BST* createBranch(char *keyVal)
{
// Create the new branch to be inserted into
// the tree
BST* newBranch = (BST*)malloc(sizeof(BST));
// Allocate memory for newBranch's C-string
newBranch->key = (char*)malloc(STRING_SIZE * sizeof(char));
// Copy the user-provided string into newBranch's
// key field
strcpy(newBranch->key, keyVal);
// Set newBranch's counter value to 1. This
// will be incremented if/when other instances
// of the key are inserted into the tree
newBranch->counter = 1;
// Set newBranch's child branches to null
newBranch->left = NULL;
newBranch->right = NULL;
// Return the newly created branch
return newBranch;
}
// Adds items to the BST. Includes functionality
// to verify whether an item already exists in the tree
// Note that we pass the tree's root to the insert function
// as a POINTER TO A POINTER so that changes made to it
// affect the actual memory location that was passed in
// rather than just the local pointer
void insert(BST **root, char *key)
{
printf("We made it to the insert function!");
// Check if the current branch is empty
if (*root == NULL)
{
// If it is, create a new
// branch here and insert it
// This will also initialize the
// entire tree when the first element
// is inserted (i.e. when the tree is
// empty)
*root = createBranch(key);
}
// If the tree ISN'T empty, check whether
// the element we're trying to insert
// into the tree is already in it
// If it is, don't insert anything (the
// existsInTree function takes care of
// incrementing the counter associated
// with the provided string)
if (!existsInTree(*root, key, cflag))
{
// If it isn't, check if the case sensitivity
// flag is set; if it is, perform the
// checks using case-sensitive string
// comparison function
if (cflag) {
// Is the string provided (key) is
// greater than the string stored
// at the current branch?
if (caseSenStrCmp((*root)->key, key))
{
// If so, recursively call the
// insert() function on root's
// right child (that is, insert into
// the right side of the tree)
// Note that we pass the ADDRESS
// of root's right branch, since
// the insert function takes a
// pointer to a pointer to a BST
// as an argument
insert(&((*root)->right), key);
}
// If not, the key passed in is either less than
// or equal to the current branch's key,
// so recursively call the insert()
// function on root's LEFT child (that is,
// insert into the left side of the tree)
else
{
insert(&((*root)->left), key);
}
}
// If it isn't, perform the checks using
// the case-INsensitive string comparison
// function
else {
// The logic here is exactly the same
// as the comparisons above, except
// it uses the case-insensitive comparison
// function
if (caseInsenStrCmp((*root)->key, key))
{
insert(&((*root)->right), key);
}
else
{
insert(&((*root)->left), key);
}
}
}
}
// CASE SENSITIVE STRING COMPARISON function. Returns:
// -1 if str1 is lexicographically less than str2
// 0 if str1 is lexicographically equal to str2
// 1 if str2 is lexicographically greater than str1
I'm using getopt to parse options that the user enters. I've been doing a little bit of basic debugging using printf statements just to see how far I get into the code before it crashes, and I've more or less narrowed down the cause. It seems to be this part here:
do
{
printf("Please enter a string (or blank line to exit): ");
// Scanf takes user's input from stdin. Note the use
// of the regex [^\n], allowing the scanf statement
// to read input until the newline character is encountered
// (which happens when the user is done writing their string
// and presses the Enter key)
scanf("%[^\n]s", currentLine);
// Call the insert function on the line
// provided
insert(&root, currentLine);
} while (caseSenStrCmp(currentLine, "\n") != 0);
Or rather, calls to the insert function in general, since the printf statement I put at the beginning of the insert function ("We made it to the insert function!) gets printed over and over again until the program finally crashes with a segmentation fault, which probably means the problem is infinite recursion?

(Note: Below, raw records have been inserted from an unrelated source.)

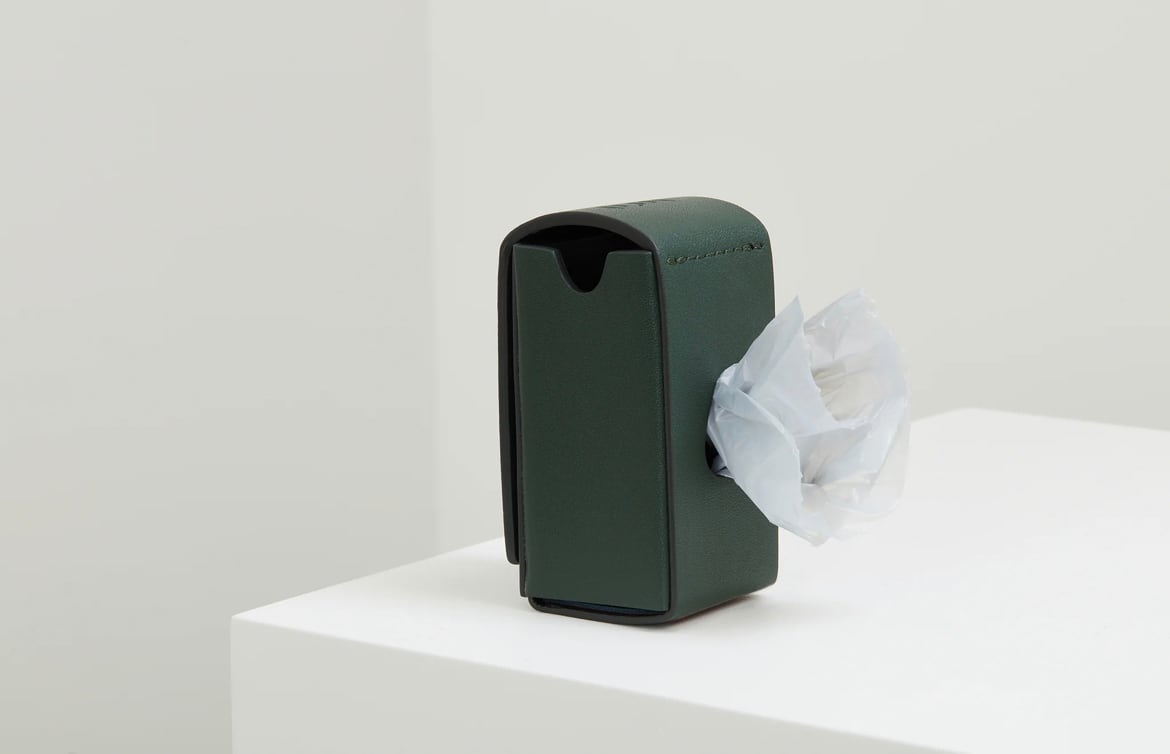 一枚の上質なレザーを独特の幾何学的な形に折り畳んで作られたTotoバッグは、Lumi LeashやRay Harnessに装着できるように設計されています。
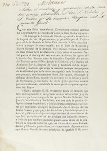 .1799. FOLLETO: .(MILITAR). .CONSEJO DE GUERRA DE OFICIALES GENERALES (...) PRESIDIDO POR EL CAPITAN GENERAL DE LA ARMADA EL SEÑOR DON ANTONIO VALDÉS... 2 h. impresas sobre fol. Con cuatro líneas manuscritas de época en el margen superior. Se...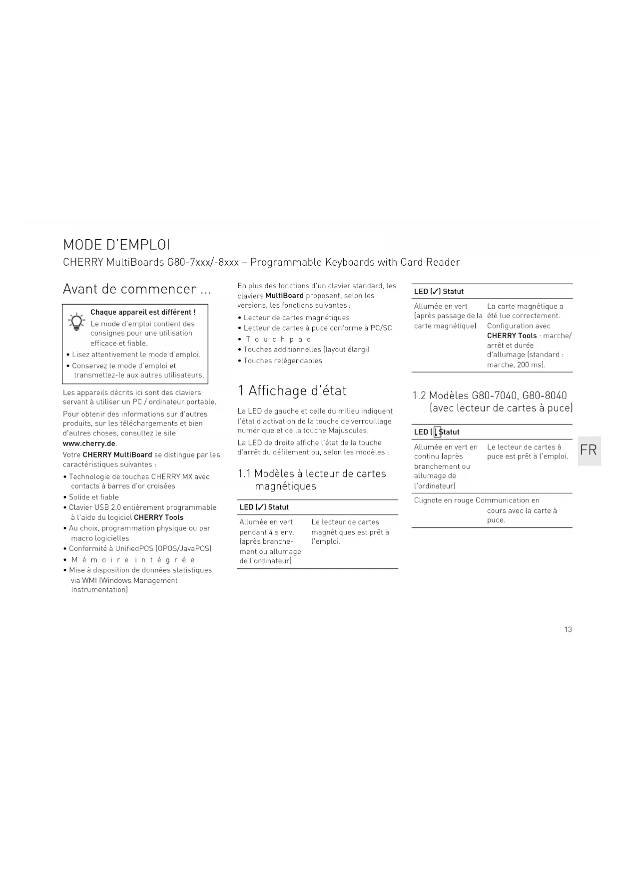 OPERATING MANUAL CHERRY MultiBoards G80-7xxx/-8xxx – Programmable Keyboards with Card Reader EN13 Avant de commencer ... Les appareils décrits ici sont des claviers servant à utiliser un PC / ordinateur portable. Pour obtenir des informations sur d'autres produits, sur les téléchargements et bien d'autres choses, consultez le site www.cherry.de. Votre CHERRY MultiBoard se distingue par les caractéristiques suivantes :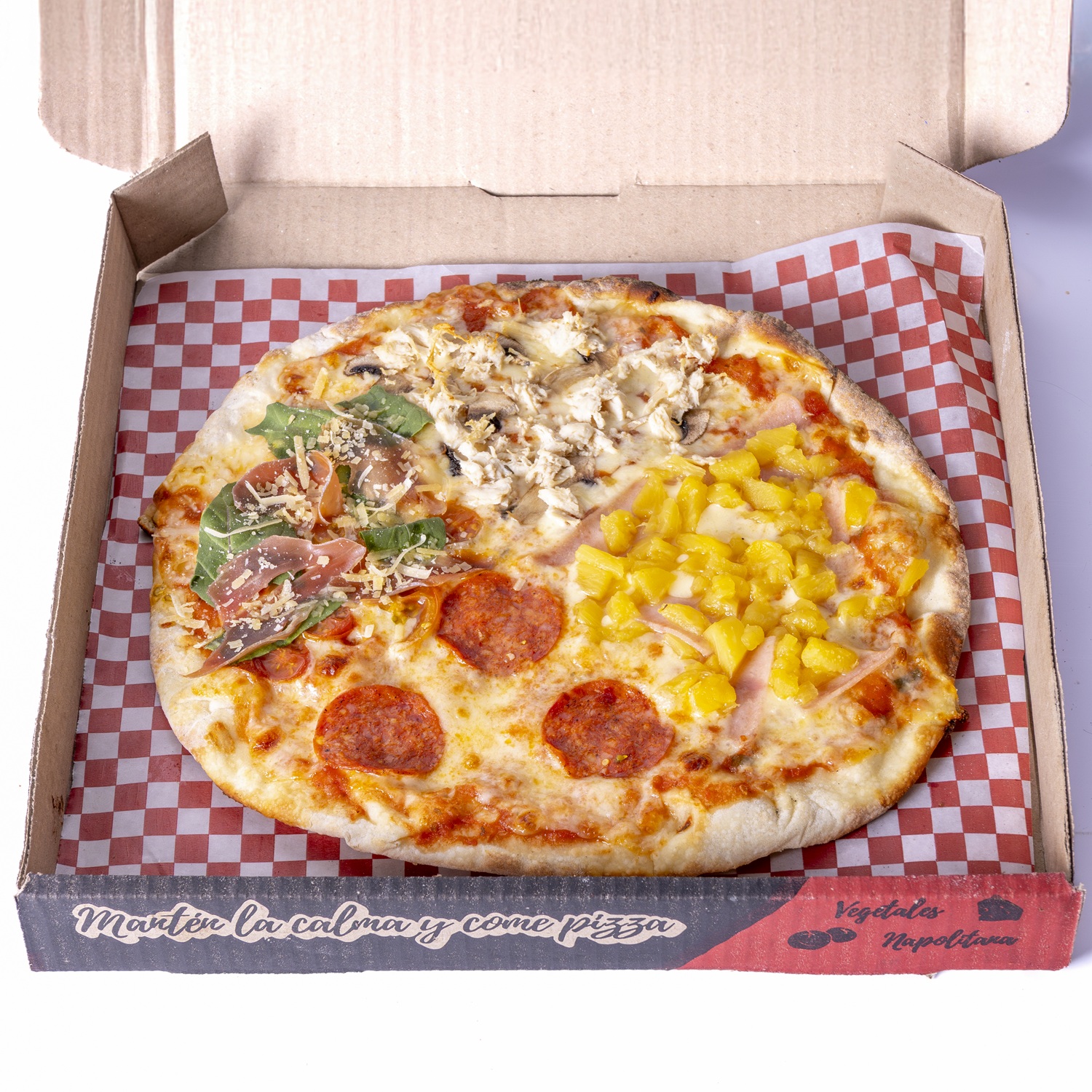 Salsa de tomate San Marzano artesanal, queso mozarella, dividida en 4 sabores – Del Huerto – Pollo Champiñón – Pepperoni – Hawaiana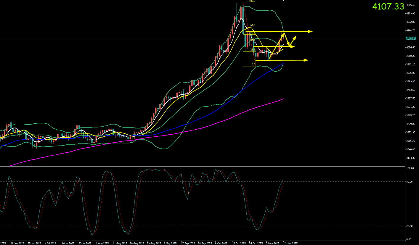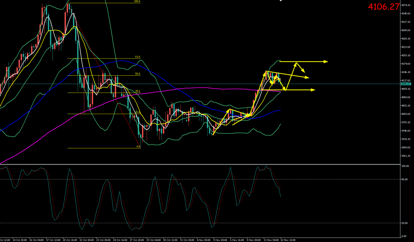 黄金周二(11.11)最高上探至4146.59美元/盎司,最低触及4096.38美元/盎司。收盘于4126.14美元/盎司,周三(11.12)开于4127.05元/盎司,截至目前最高上探至4145.69美元/盎司,最低触及4103.3美元/盎司,黄金小时区间震荡,测试支撑,现报价4108.25。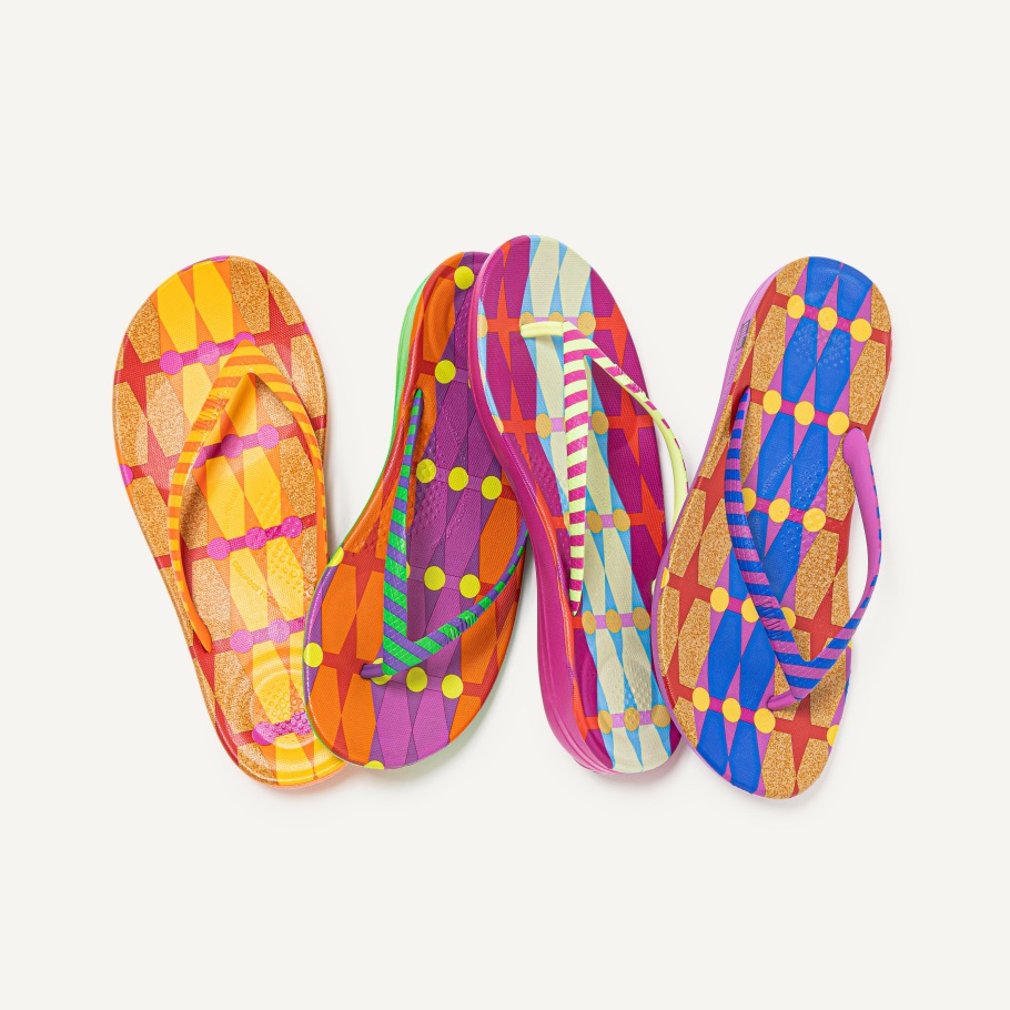 Schau Dir Diese Einfach An. Die Britisch-nigerianische Designerin Yinka Ilori Hat Unsere Meistverkauften Ergonomischen Flip-Flops In Lockdown überarbeitet Und Dabei Farbe Und Muster Verwendet, Um Freude, Hoffnung Und Glück Hervorzurufen. Darüber Werden Gestreifte Riemen Mit Fabelhaft Gemusterten Fußbetten Gepaart (beeinflusst Von Westafrikanischen Stoffen, Die Ihn Als Kind Umgaben). Darunter Sind Sie Mit Unserem Wohlfühl-iqushion? Zwischensohlen. Hergestellt Aus High-Rebound-Luftschaum Für Non-Stop-Dämpfung, Mit Fersen- Und Fußballen-Aufprallkissen Und Einer Konturierten Wölbung Für Natürlichen Halt Beim Gehen. Wahrscheinlich Die Fröhlichsten Flip-Flops Der Welt. Wasserdicht Und Rutschfest.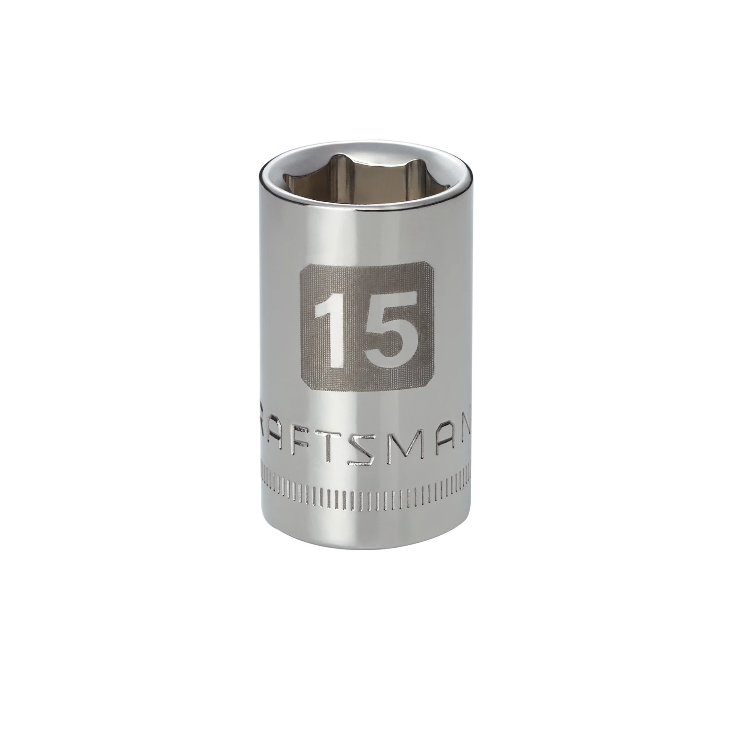 You’ll never squint or fumble for the right piece again when you have the Craftsman 15mm”1/2″ drive easy-to-read standard socket. Laser-etched size marking makes it easy to locate this socket when you’re on the job. Plus, the permanent marking resists chipping, fading and corroding. Six-point configuration allows you to work in cramped areas where turning capacity is limited.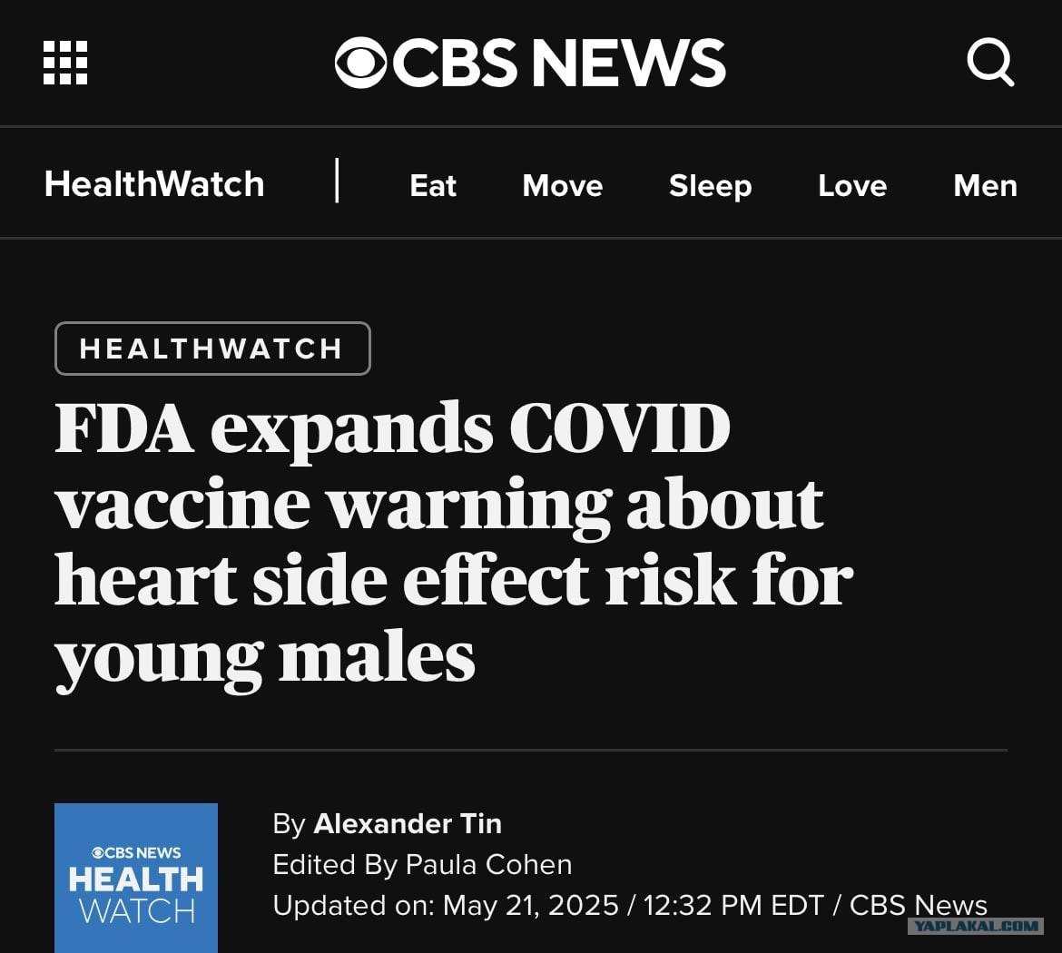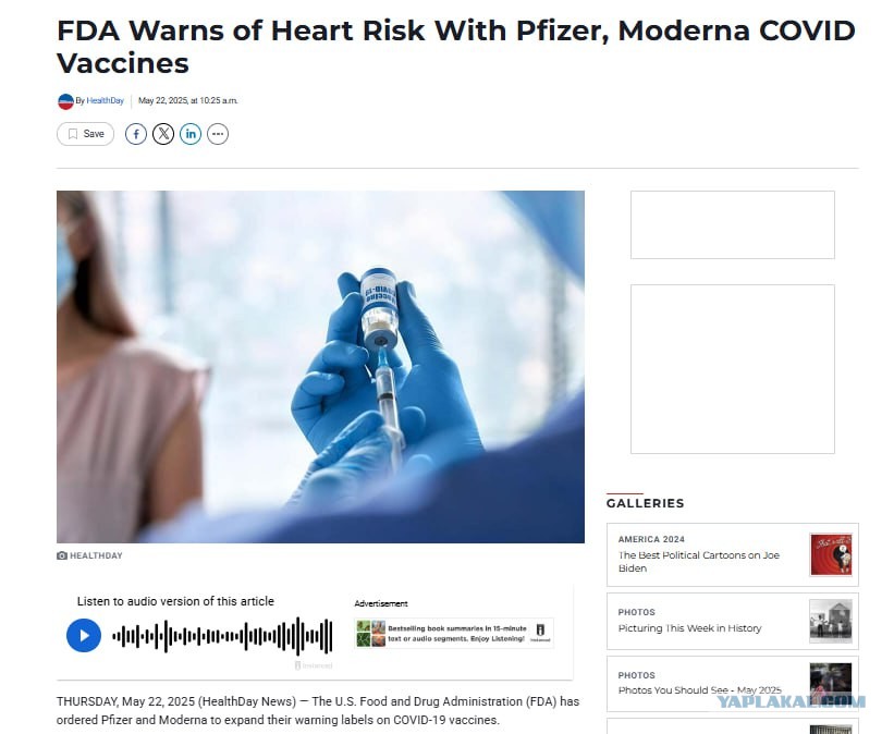 FDA от 22 мая 2025 года рекомендует производителям вакцин против Covid, Pfizer и Moderna, обновить предупреждающие надписи на этикетках, на которых указано, что вакцины могут вызывать воспаление сердца - миокардит и перикардит.

If so, I don't understand why it's happening. I initialized the root node to NULL at the beginning of main, so it should go directly into the insert functions *root == NULL case, at least on its first call.
Does it maybe have something to do with the way I pass root as a pointer to a pointer (BST **root in parameter list of insert function)? Am I improperly recursing, i.e. is this statement (and others similar to it)
insert(&((*root)->right), key);
incorrect somehow? This was my first guess, but I don't see how that would cause infinite recursion - if anything, it should fail without recursing at all if that was the case? Either way, it doesn't explain why infinite recursion happens when root is NULL (i.e. on the first call to insert, wherein I pass in &root - a pointer to the root pointer - to the insert function).
I'm really stuck on this one. At first I thought it might have something to do with the way I was copying strings to currentLine, since the line
if(*currentLine != '\0')
in the while (!feof(inFile)) loop also crashes the program with a segmentation fault, but even when I commented that whole part out just to test the rest of the code I ended up with the infinite recursion problem.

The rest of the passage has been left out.